## WHAT YOU SHOULD DO
The copy you return must begin at the line containing "Gather the family" and end at the final line of the listing below, with every picture left out.

## SOURCE DATA
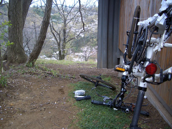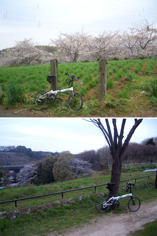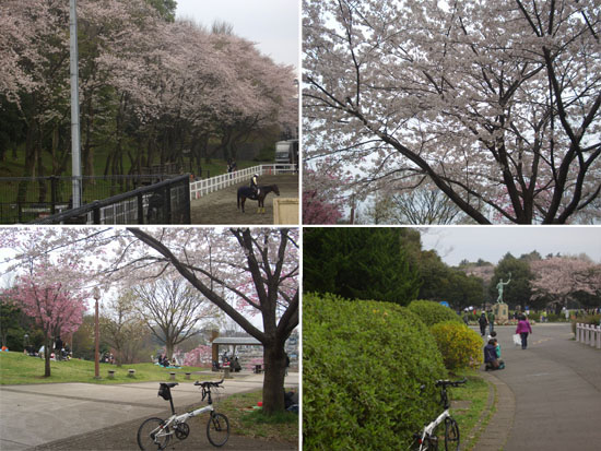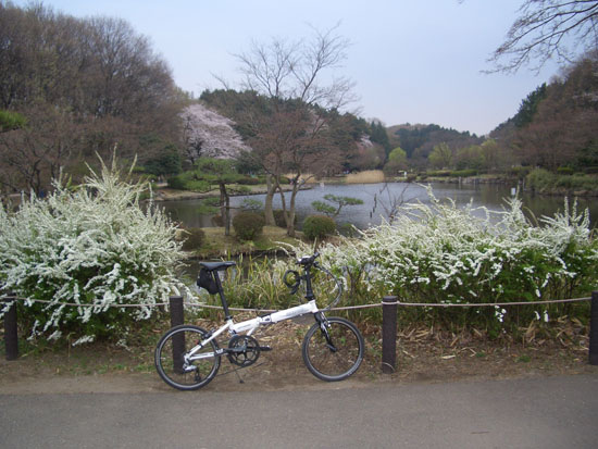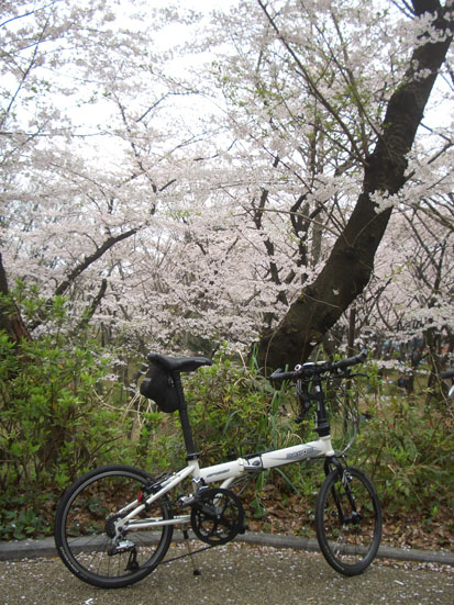 今回は約2週間ぶりに折り畳み自転車のdahon号に乗ってお花見ポタリングにでかける。皇居あたりまでいって上野公園〜浅草あたりから建造中の新東京タワー(スカイツリー)でも見物してこうようかななどと思ったけど天気も不安定そうだし午後からだと人混みも凄そうなのでまた別の機会に(来年以降でしょうか…)ということでわりと近場の公園を回ってくることにした。
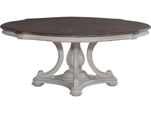 Gather the family together for dinner around the Magnolia Manor pedestal table. A 42" round is perfect for small spaces or add in the 18" leaf to e...
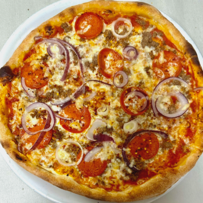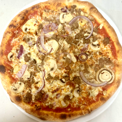Med tomat, ost, Skinke, kødstrimler, champignon og løg
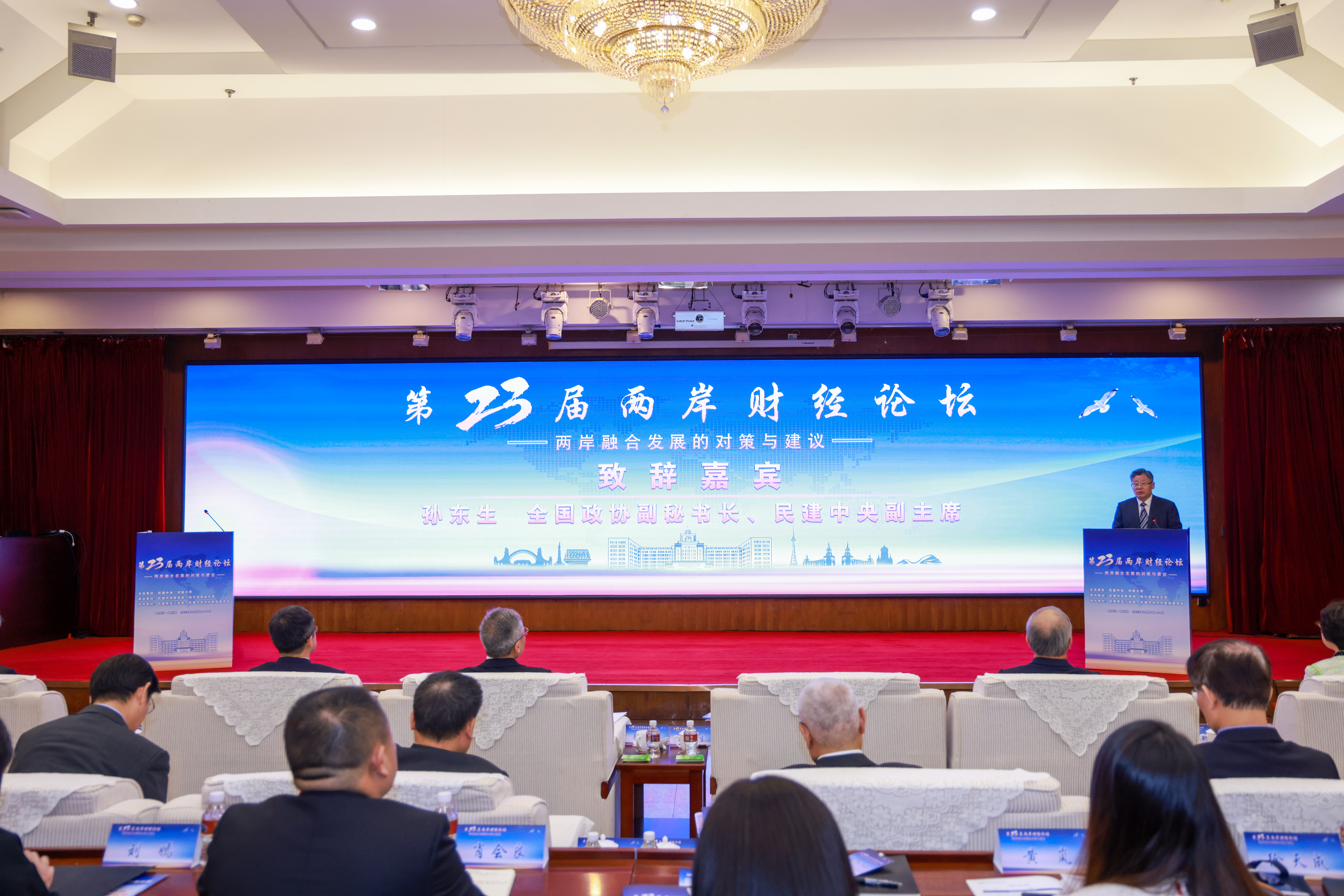 为贯彻落实《中共中央 国务院关于支持福建探索海峡两岸融合发展新路 建设两岸融合发展示范区的意见》(简称《意见》)、研究两岸融合发展之道,10月8日,第23届两岸财经论坛在哈尔滨举办。论坛由民建中央和台湾世新大学联合主办,民建中央联络部和哈尔滨商业大学共同承办,主题为“两岸融合发展的对策与建议”。省委常委、统战部部长,省政协党组副书记徐建国;全国政协副秘书长、民建中央副主席孙东生出席论坛。全国政协委员、民建中央联络部部长汪阳主持论坛。

## THE COMPLETED TASK
 Gather the family together for dinner around the Magnolia Manor pedestal table. A 42" round is perfect for small spaces or add in the 18" leaf to e...
Med tomat, ost, Skinke, kødstrimler, champignon og løg
 为贯彻落实《中共中央 国务院关于支持福建探索海峡两岸融合发展新路 建设两岸融合发展示范区的意见》(简称《意见》)、研究两岸融合发展之道,10月8日,第23届两岸财经论坛在哈尔滨举办。论坛由民建中央和台湾世新大学联合主办,民建中央联络部和哈尔滨商业大学共同承办,主题为“两岸融合发展的对策与建议”。省委常委、统战部部长,省政协党组副书记徐建国;全国政协副秘书长、民建中央副主席孙东生出席论坛。全国政协委员、民建中央联络部部长汪阳主持论坛。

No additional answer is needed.